Udito nella camera di consiglio del 10 febbraio 1970 il Giudice
relatore Ercole Rocchetti.
Motivazione
Ritenuto in fatto :
Nel corso del procedimento penale a carico di Carena Antonio,
imputato della contravvenzione di cui agli artt. 68, prima parte, del
R.D. 18 giugno 1931, n. 773, e 666, commi primo e secondo, del codice
penale, per avere in occasione della festa del patrono e nel proprio
esercizio pubblico, organizzato e tenuto una gara di giuoco delle
bocce, senza la licenza del Questore che glie l'aveva negata: il
pretore di Racconigi ha sollevato, in rapporto ad entrambi i citati
articoli, questione di legittimità costituzionale, con riferimento
all'articolo 17, comma secondo, della Costituzione.
Se, per le riunioni anche in luogo pubblico, ha osservato il
pretore, la norma costituzionale dispone che non sia richiesto
preavviso, nessuna autorizzazione deve occorrere per tenere in un
pubblico esercizio che è luogo aperto al pubblico una gara di bocce;
sì che l'art. 68, prima parte, del testo unico delle leggi di p.s. e
l'art. 666 del codice penale - sopra citati - che richiedono, per
trattenimenti del genere da tenersi in tali luoghi, la licenza del
Questore, appaiono non conformi alla norma costituzionale. Considerato in diritto :
1. - Il pretore di Racconigi ritiene che gli artt. 68 del testo
unico delle leggi di p.s. (R.D. 18 giugno 1931, n. 773) e 666 del
codice penale - i quali dispongono che per trattenimenti di qualsiasi
genere da tenere in luogo aperto al pubblico occorre la licenza del
Questore - siano contrari alla norma dell'art. 17 della Costituzione,
la quale dispone che solo per le riunioni in luogo pubblico e non anche
per quelle in luoghi aperti al pubblico, deve essere dato preavviso
alla autorità. E se non occorre preavviso, argomenta il pretore, non
può a maggior ragione occorrere licenza.
2. - La questione è fondata, ma solo parzialmente.
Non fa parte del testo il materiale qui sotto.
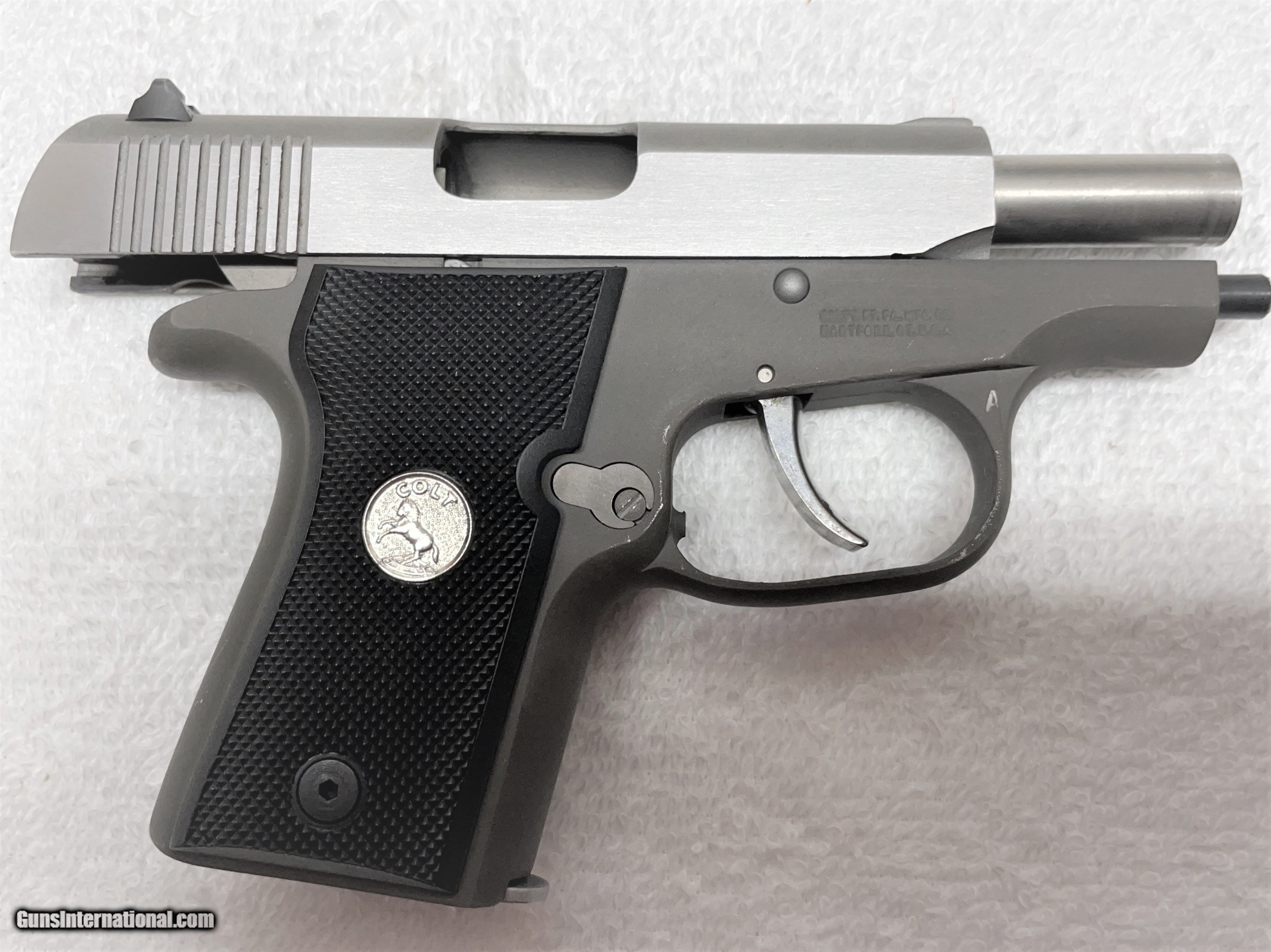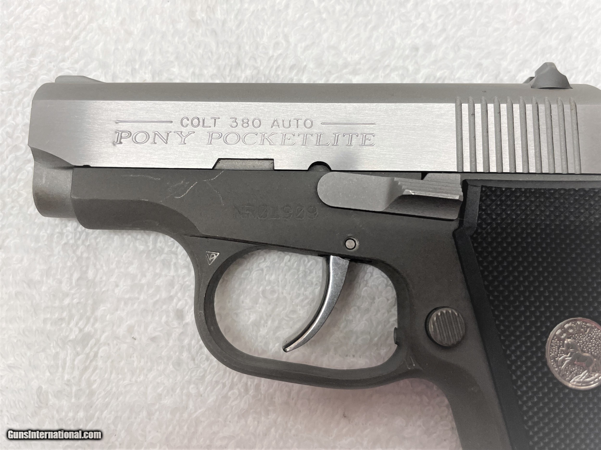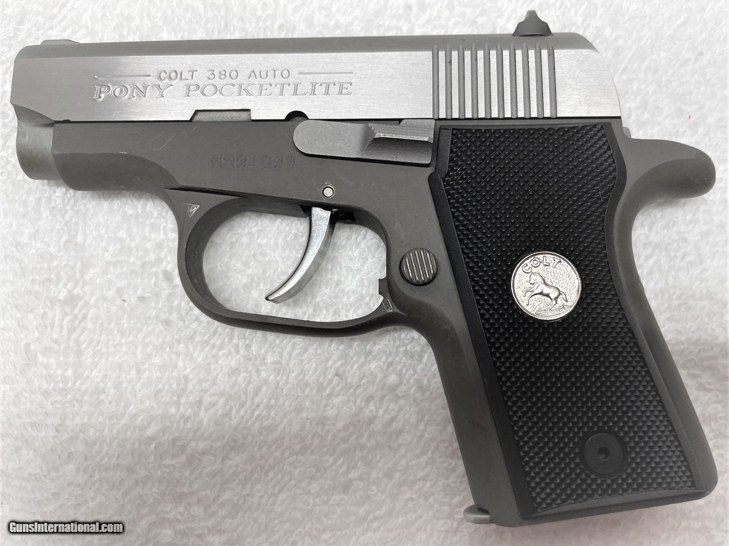 Description: Colt Pony Pocket Lite 380ACP., Stainless. 2 1/2" barrel, Excel Bore. Original mag. 98% Condition. Made in 1997. S/N NR0190X SOLD |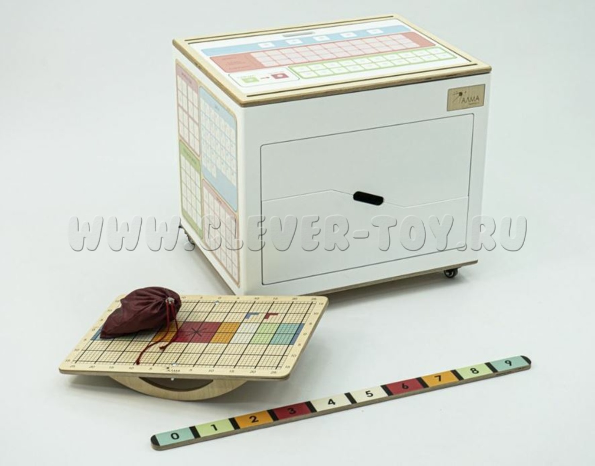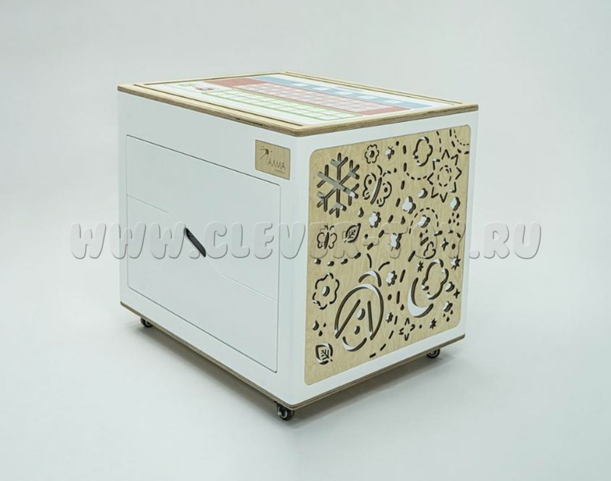 Мобильный куб с выкатными ящиками плавного хода, функциональными боковинами и верхней крышкой. Его можно передвигать в любое место, где ребёнку будет удобно заниматься.

Dispone l'art. 17 della Costituzione che i cittadini hanno diritto
di riunirsi pacificamente e senz'armi e che per le (loro) riunioni,
anche in luogo aperto al pubblico, non è richiesto preavviso.
Il diritto di riunione è quindi tutelato nei confronti della
generalità dei cittadini, che, riunendosi, possono dedicarsi a quelle
attività lecite, anche se per scopo di comune divertimento o
passatempo (sentenza n. 142 del 1967) e quindi a quei trattenimenti cui
si riferiscono i due articoli in rapporto ai quali è stata sollevata
la questione di costituzionalità.
Se, dunque, la riunione è indetta anche in luogo aperto al
pubblico da persone che intendono riunirsi per attuare gli scopi
anzidetti, fra i quali i trattenimenti di cui parlano le citate
disposizioni, nessuna autorizzazione e nessun preavviso occorre.
Gli articoli denunziati, in quanto, per tale fattispecie,
richiedono in ogni caso e da parte di tutti una licenza, sono da
ritenersi perciò contrari alla norma costituzionale.
3. - Diversamente è a dirsi se la riunione, avente per oggetto un
trattenimento di danza, di giuoco, di sport, ecc., è invece indetta in
un pubblico locale da parte del titolare nell'esercizio della sua
attività imprenditoriale.
In tal caso non è il diritto di riunione quello che egli intende
esercitare, bensì il diritto di libera iniziativa economica che gli
consente di organizzare la propria azienda e di svolgervi le attività
lecite inerenti alla sua impresa.
Si è, cioè, non più nella sfera dei diritti dell'art. 17 della
Costituzione, ma di quelli tutelati dall'art. 41, che, peraltro,
ammettono limiti e controlli nel pubblico interesse. Ad ogni modo,
poiché tale ultima norma non è stata invocata, la Corte deve
astenersi dall'esame della questione relativa.
Dispositivo
per questi motivi
LA CORTE COSTITUZIONALE
dichiara l'illegittimità costituzionale degli artt. 68 del R.D. 18
giugno 1931, n. 773, e 666 del codice penale, nella parte in cui
prescrivono che per i trattenimenti da tenersi in luoghi aperti al
pubblico, e non indetti nell'esercizio di attività imprenditoriali,
occorre la licenza del Questore.
Così deciso in Roma, in camera di consiglio, nella sede della
Corte costituzionale, Palazzo della Consulta, il 9 aprile 1970.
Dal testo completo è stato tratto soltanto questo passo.